India, let’s play ‘English Vinglish’

BJP president Rajnath Singh’s remarks about English have caused great commotion. And as always, members of the ruling party are busy condemning the opposition’s views.

Every word uttered by BJP leaders gets thoroughly scanned by the Congress and an avalanche of counter-remarks is witnessed by the nation. Not too long ago, Gujarat Chief Minister Narendra Modi’s “puppy” allegory was blown out of proportion and people made most of their imaginative powers to interpret his remark in the most bizarre ways possible.

With the General Elections preparations in full-swing, one can only expect allegations and counter-accusations to hit the political scene in the coming few months. If politics could seep in through various layers of everyday life, then ‘politics’ in politics is quite legitimate, isn’t it?

Coming back to the latest topic. Rajnath Singh reportedly said, “English language has caused a great lot of loss to India. We have started forgetting our religion and culture these days. There are only 14,000 people left in this country speaking in Sanskrit.”

“Knowledge acquired out of English is not harmful but the Anglicization penetrated into youths in this country is dangerous,” Singh went on to add.

Take a “holistic” view of the whole hullabaloo, as Information and Broadcasting Minister Manish Tewari often does.
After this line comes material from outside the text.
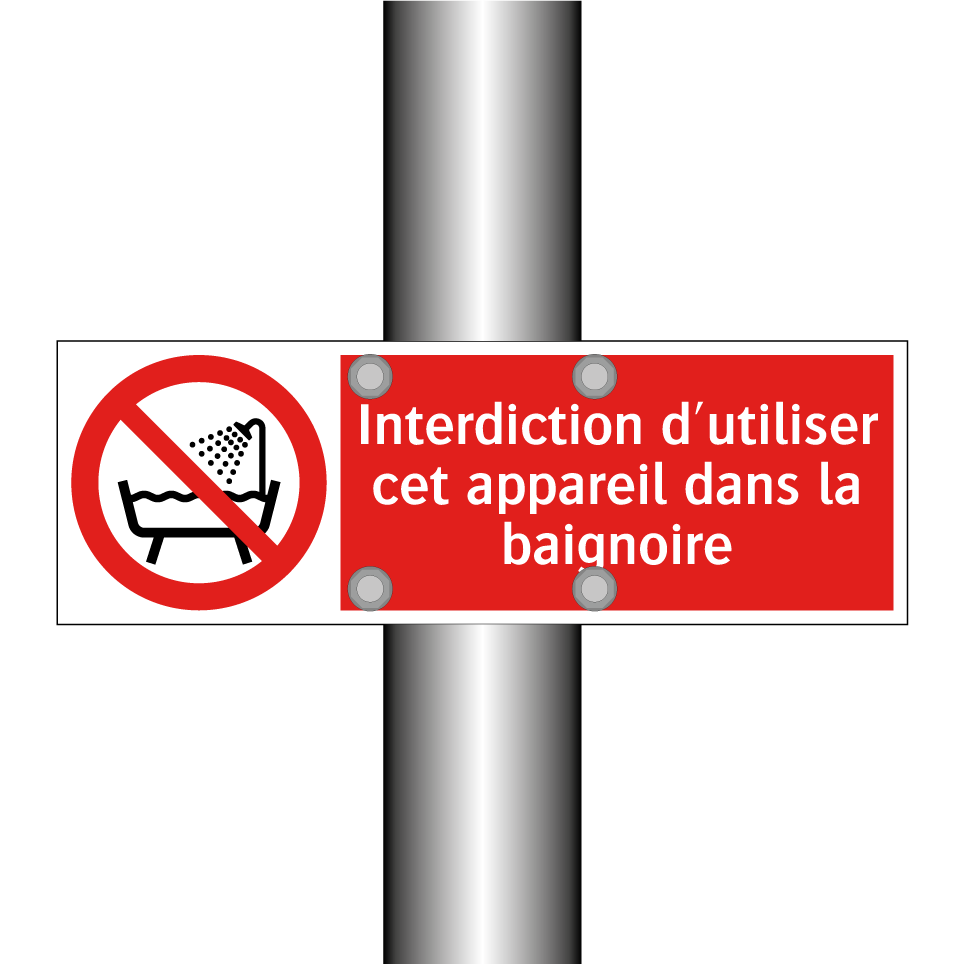 Panneau d'interdiction avec le texte : "Interdiction d'utiliser cet appareil dans la baignoire" et une symbolique claire.

You will realise that the hue and cry over the issue is mindless. Rajnath makes it very clear in his statement that gaining knowledge out of the English language is in no way harmful. He is, however, concerned about the youth of this nation that may unconsciously ape an Anglicized culture, which may in turn eclipse indigenous culture and tradition.

As a responsible citizen of a democratic nation, which has a unique identity of its own, Rajnath Singh was in no way wrong in expressing his concerns. Each of us has the rights to voice our opinions and so does he.

A trip to the European countries, China or Japan will certainly prove a tiresome one if one was asked to communicate. These nations have indigenous languages spoken officially and they take great pride in their roots. Knowing English may certainly help one in communicating with the global community but may not necessarily help him proceed towards development. The Japanese, the Germans, the Chinese are way too ahead in technology but they hardly speak English!

So, Minister of State for Parliamentary Affairs Rajeev Shukla may broaden his vision and understand that someone doesn’t become “narrow-minded” if he/she doesn’t endorse English.

There are far more important matters to be dealt with rather than indulging in useless verbal fights. The nation would certainly benefit if the ruling party members could make constructive use of time and stop digressing from issues of national, social, and economic concerns.

And for their knowledge, English has picked up Indian words - “Guru”, “Yoga”, “Mantra”, “Avatar”, “Tantra” and gleefully accepted them. So if there could be a healthy cross-cultural exchange, none would raise objections.

To imbibe the goodness of anything that’s foreign must be welcome, but not at the cost of disempowering one’s own culture.

It is time for India to play ‘English Vinglish’.